**TASK BRIEF**
Write out the records in full, exactly as given, but without the images.

Stored records:
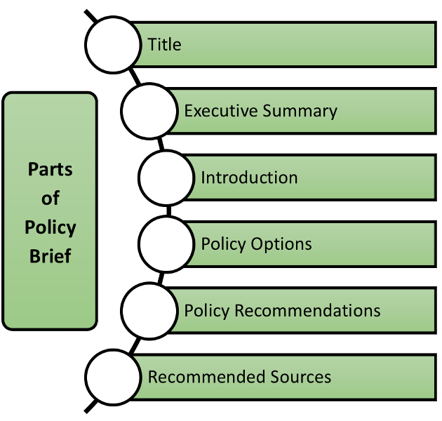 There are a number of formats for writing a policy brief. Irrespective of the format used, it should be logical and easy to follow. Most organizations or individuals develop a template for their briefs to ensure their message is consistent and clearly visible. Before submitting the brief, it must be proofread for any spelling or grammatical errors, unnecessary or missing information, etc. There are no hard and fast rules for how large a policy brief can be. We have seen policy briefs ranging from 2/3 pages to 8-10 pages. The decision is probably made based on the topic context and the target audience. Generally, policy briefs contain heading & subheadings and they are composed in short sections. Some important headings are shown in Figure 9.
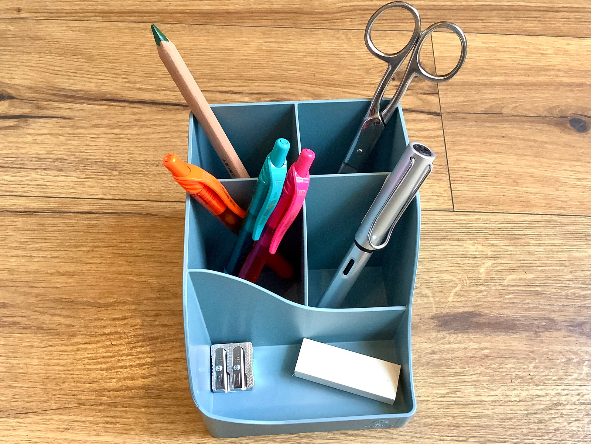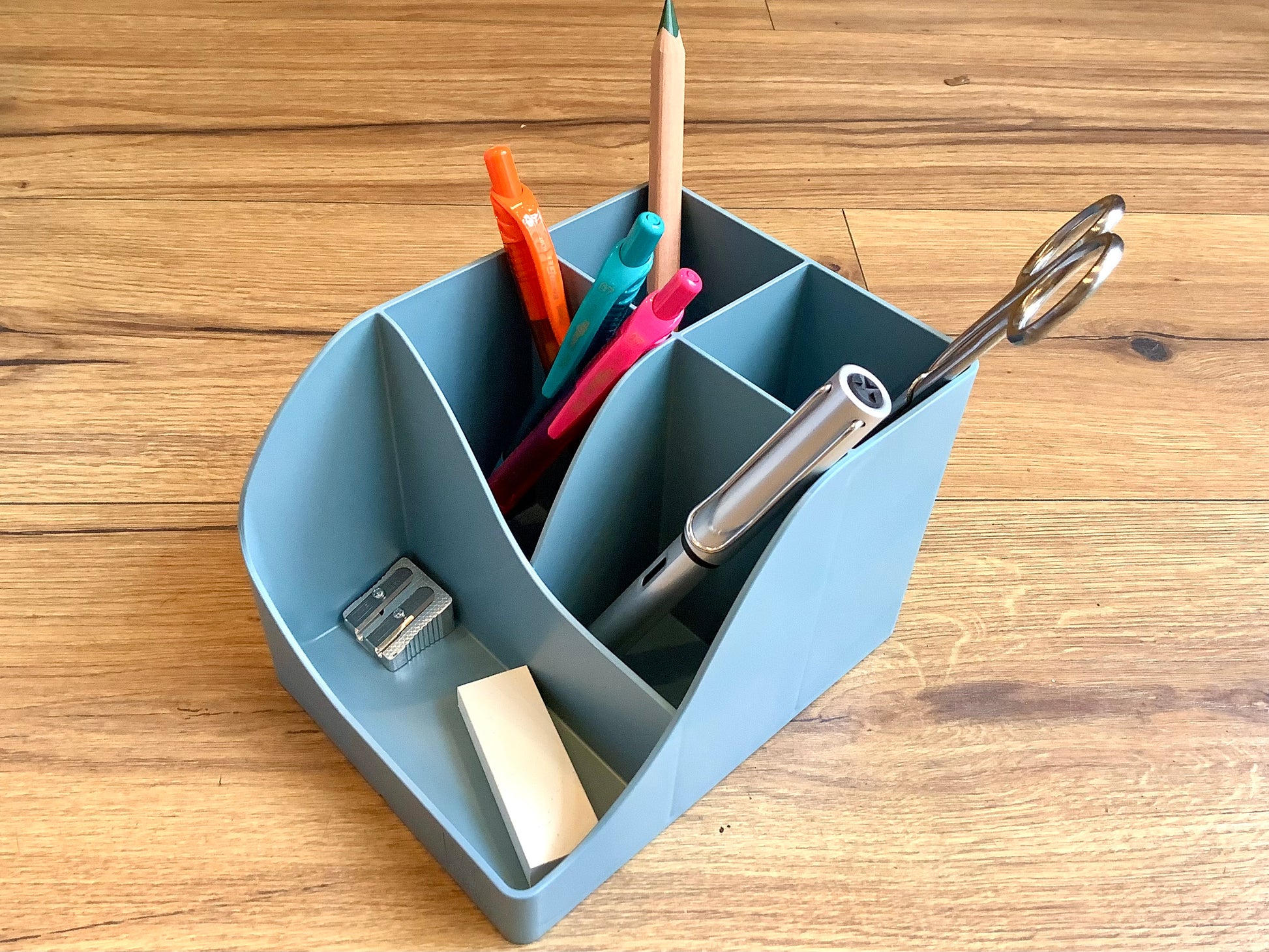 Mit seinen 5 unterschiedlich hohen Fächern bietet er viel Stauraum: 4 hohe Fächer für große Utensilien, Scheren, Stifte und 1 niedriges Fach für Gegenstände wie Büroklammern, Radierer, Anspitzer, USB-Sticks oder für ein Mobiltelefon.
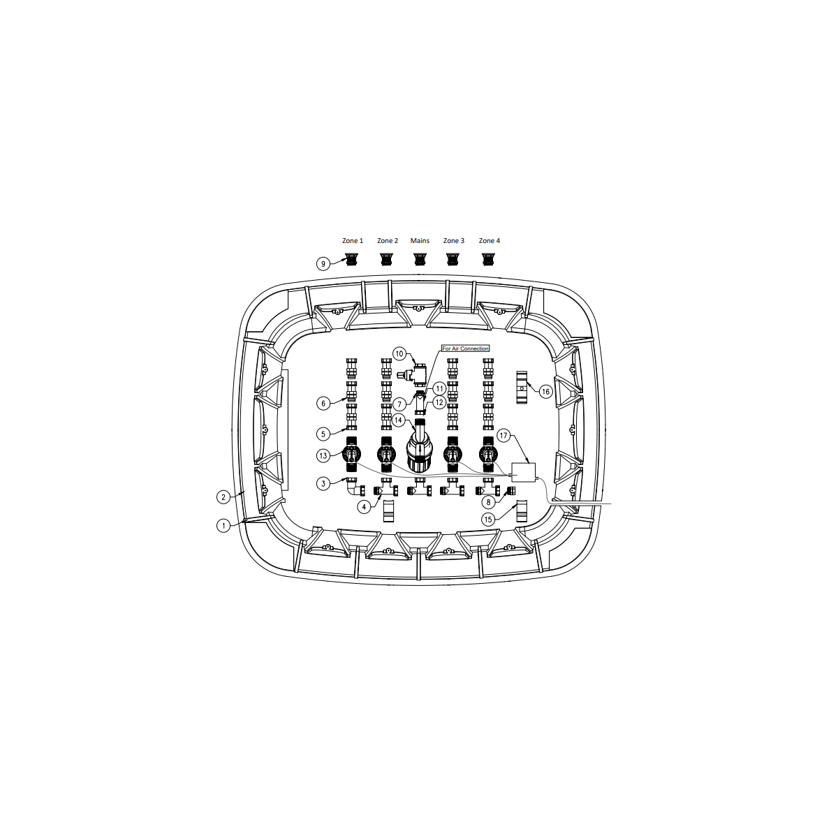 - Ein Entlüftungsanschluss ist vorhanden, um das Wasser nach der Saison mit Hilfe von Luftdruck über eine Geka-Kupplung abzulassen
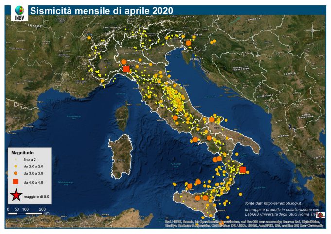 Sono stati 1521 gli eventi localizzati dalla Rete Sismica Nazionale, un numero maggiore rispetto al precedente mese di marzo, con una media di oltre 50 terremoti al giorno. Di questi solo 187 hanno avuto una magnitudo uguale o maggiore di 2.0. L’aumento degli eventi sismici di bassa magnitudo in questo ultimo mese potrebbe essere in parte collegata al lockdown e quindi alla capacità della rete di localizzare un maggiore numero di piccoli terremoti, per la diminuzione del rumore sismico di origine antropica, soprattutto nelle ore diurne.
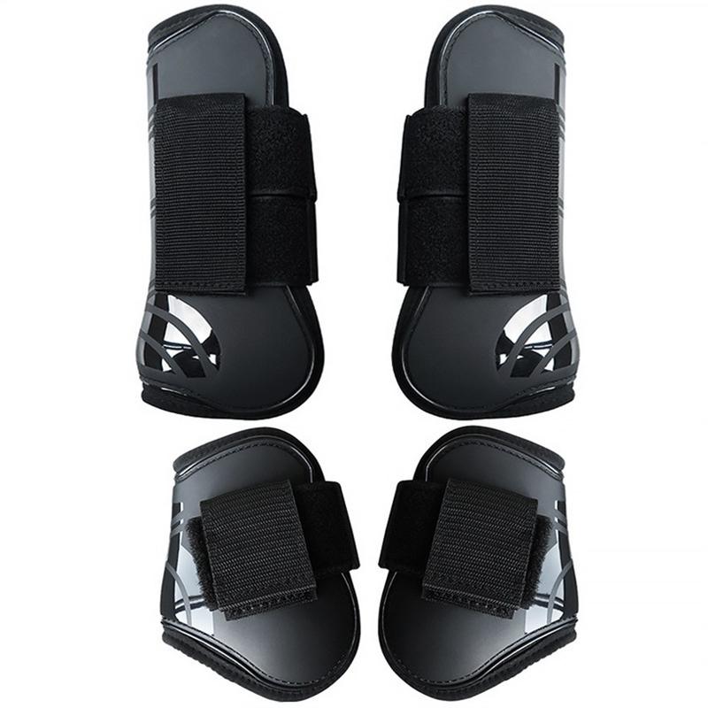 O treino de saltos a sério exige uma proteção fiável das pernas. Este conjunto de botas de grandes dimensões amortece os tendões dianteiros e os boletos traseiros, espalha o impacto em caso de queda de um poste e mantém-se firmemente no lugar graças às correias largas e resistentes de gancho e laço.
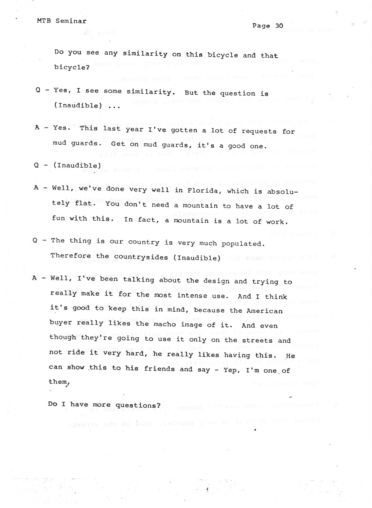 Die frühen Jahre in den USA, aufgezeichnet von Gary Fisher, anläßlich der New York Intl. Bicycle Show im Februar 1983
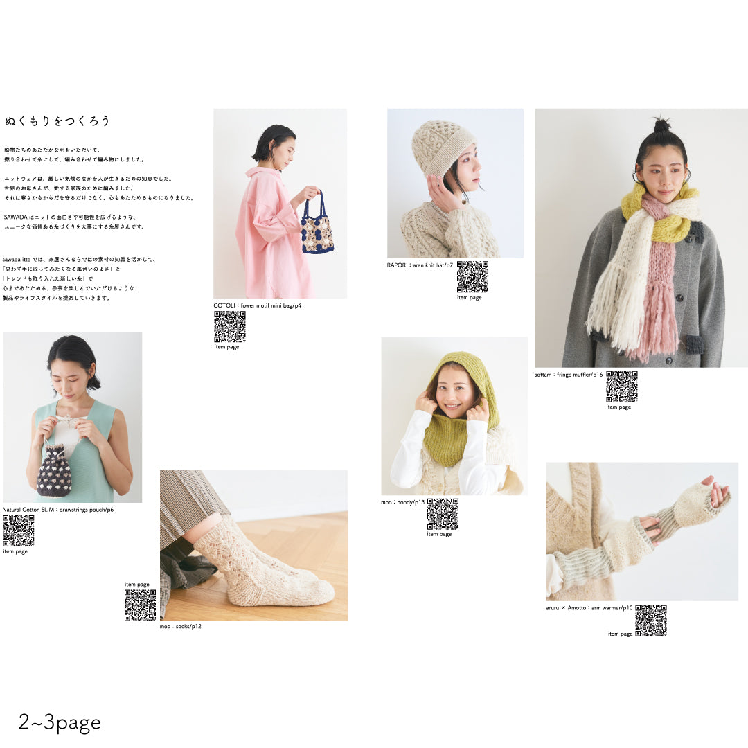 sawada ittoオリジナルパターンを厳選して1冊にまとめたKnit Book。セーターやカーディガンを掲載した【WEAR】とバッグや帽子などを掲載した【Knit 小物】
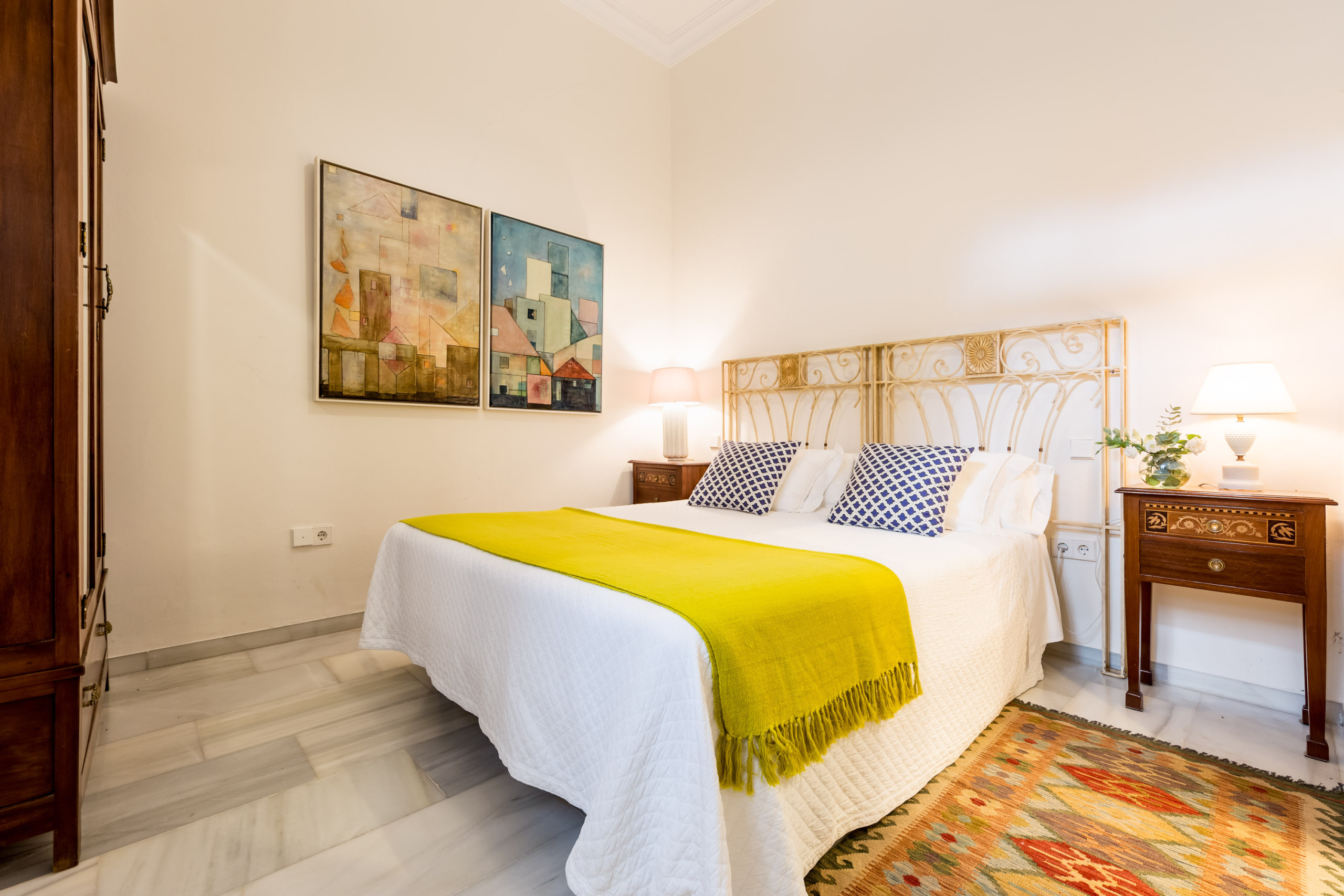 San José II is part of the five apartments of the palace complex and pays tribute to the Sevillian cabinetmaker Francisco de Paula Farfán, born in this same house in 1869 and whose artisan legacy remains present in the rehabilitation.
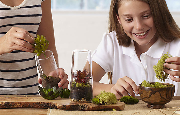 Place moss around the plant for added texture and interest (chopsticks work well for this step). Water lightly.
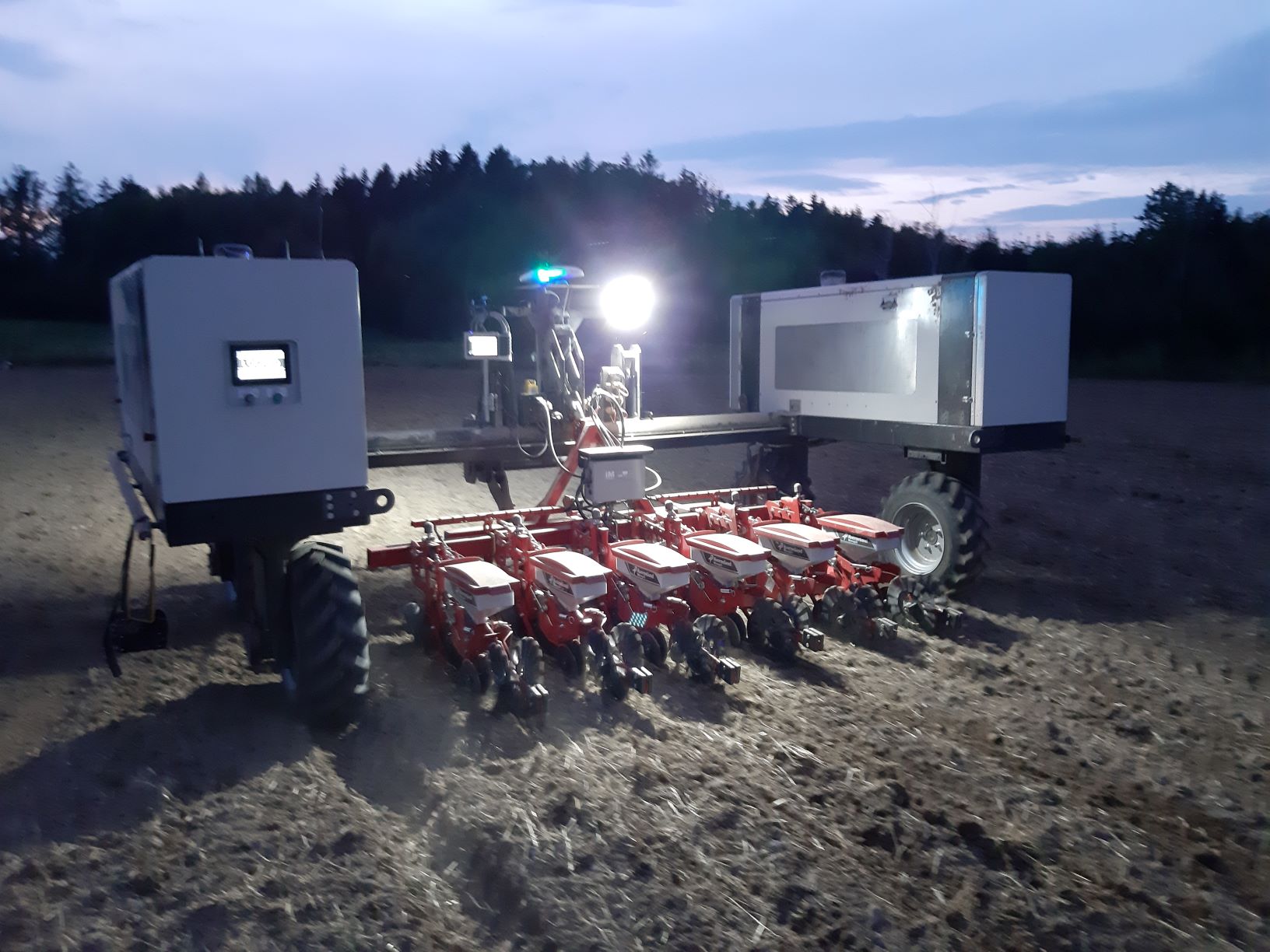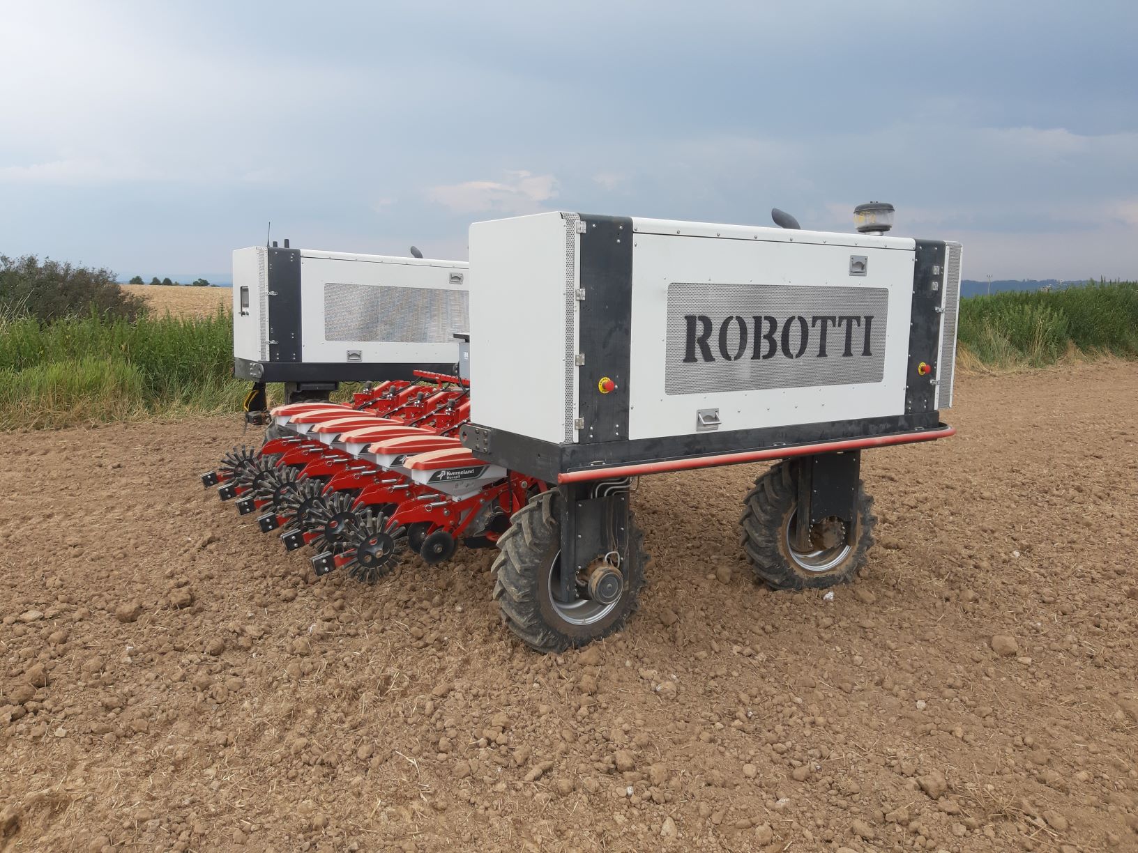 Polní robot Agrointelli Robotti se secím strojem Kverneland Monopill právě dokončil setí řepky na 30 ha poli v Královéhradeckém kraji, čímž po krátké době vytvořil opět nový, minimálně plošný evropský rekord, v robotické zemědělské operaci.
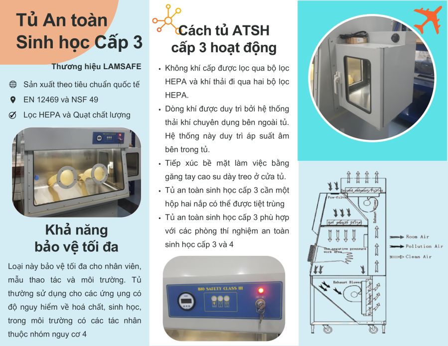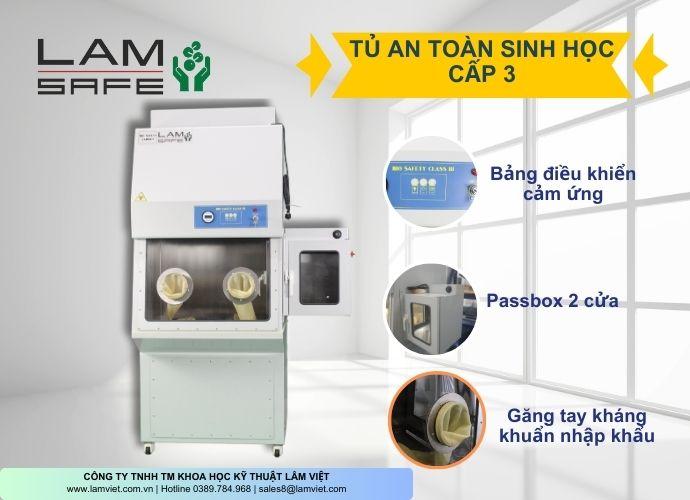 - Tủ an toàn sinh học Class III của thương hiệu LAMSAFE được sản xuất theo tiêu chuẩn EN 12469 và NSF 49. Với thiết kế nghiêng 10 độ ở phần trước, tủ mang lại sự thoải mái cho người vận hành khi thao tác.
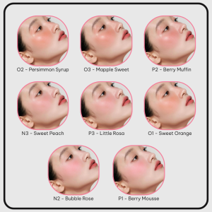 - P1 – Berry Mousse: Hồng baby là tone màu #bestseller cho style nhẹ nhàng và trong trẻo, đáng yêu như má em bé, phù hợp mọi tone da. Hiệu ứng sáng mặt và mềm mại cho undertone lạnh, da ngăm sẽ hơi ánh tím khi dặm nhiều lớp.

**TASK SOLUTION**
 There are a number of formats for writing a policy brief. Irrespective of the format used, it should be logical and easy to follow. Most organizations or individuals develop a template for their briefs to ensure their message is consistent and clearly visible. Before submitting the brief, it must be proofread for any spelling or grammatical errors, unnecessary or missing information, etc. There are no hard and fast rules for how large a policy brief can be. We have seen policy briefs ranging from 2/3 pages to 8-10 pages. The decision is probably made based on the topic context and the target audience. Generally, policy briefs contain heading & subheadings and they are composed in short sections. Some important headings are shown in Figure 9.
 Mit seinen 5 unterschiedlich hohen Fächern bietet er viel Stauraum: 4 hohe Fächer für große Utensilien, Scheren, Stifte und 1 niedriges Fach für Gegenstände wie Büroklammern, Radierer, Anspitzer, USB-Sticks oder für ein Mobiltelefon.
 - Ein Entlüftungsanschluss ist vorhanden, um das Wasser nach der Saison mit Hilfe von Luftdruck über eine Geka-Kupplung abzulassen
 Sono stati 1521 gli eventi localizzati dalla Rete Sismica Nazionale, un numero maggiore rispetto al precedente mese di marzo, con una media di oltre 50 terremoti al giorno. Di questi solo 187 hanno avuto una magnitudo uguale o maggiore di 2.0. L’aumento degli eventi sismici di bassa magnitudo in questo ultimo mese potrebbe essere in parte collegata al lockdown e quindi alla capacità della rete di localizzare un maggiore numero di piccoli terremoti, per la diminuzione del rumore sismico di origine antropica, soprattutto nelle ore diurne.
 O treino de saltos a sério exige uma proteção fiável das pernas. Este conjunto de botas de grandes dimensões amortece os tendões dianteiros e os boletos traseiros, espalha o impacto em caso de queda de um poste e mantém-se firmemente no lugar graças às correias largas e resistentes de gancho e laço.
 Die frühen Jahre in den USA, aufgezeichnet von Gary Fisher, anläßlich der New York Intl. Bicycle Show im Februar 1983
 sawada ittoオリジナルパターンを厳選して1冊にまとめたKnit Book。セーターやカーディガンを掲載した【WEAR】とバッグや帽子などを掲載した【Knit 小物】
 San José II is part of the five apartments of the palace complex and pays tribute to the Sevillian cabinetmaker Francisco de Paula Farfán, born in this same house in 1869 and whose artisan legacy remains present in the rehabilitation.
 Place moss around the plant for added texture and interest (chopsticks work well for this step). Water lightly.
 Polní robot Agrointelli Robotti se secím strojem Kverneland Monopill právě dokončil setí řepky na 30 ha poli v Královéhradeckém kraji, čímž po krátké době vytvořil opět nový, minimálně plošný evropský rekord, v robotické zemědělské operaci.
 - Tủ an toàn sinh học Class III của thương hiệu LAMSAFE được sản xuất theo tiêu chuẩn EN 12469 và NSF 49. Với thiết kế nghiêng 10 độ ở phần trước, tủ mang lại sự thoải mái cho người vận hành khi thao tác.
 - P1 – Berry Mousse: Hồng baby là tone màu #bestseller cho style nhẹ nhàng và trong trẻo, đáng yêu như má em bé, phù hợp mọi tone da. Hiệu ứng sáng mặt và mềm mại cho undertone lạnh, da ngăm sẽ hơi ánh tím khi dặm nhiều lớp.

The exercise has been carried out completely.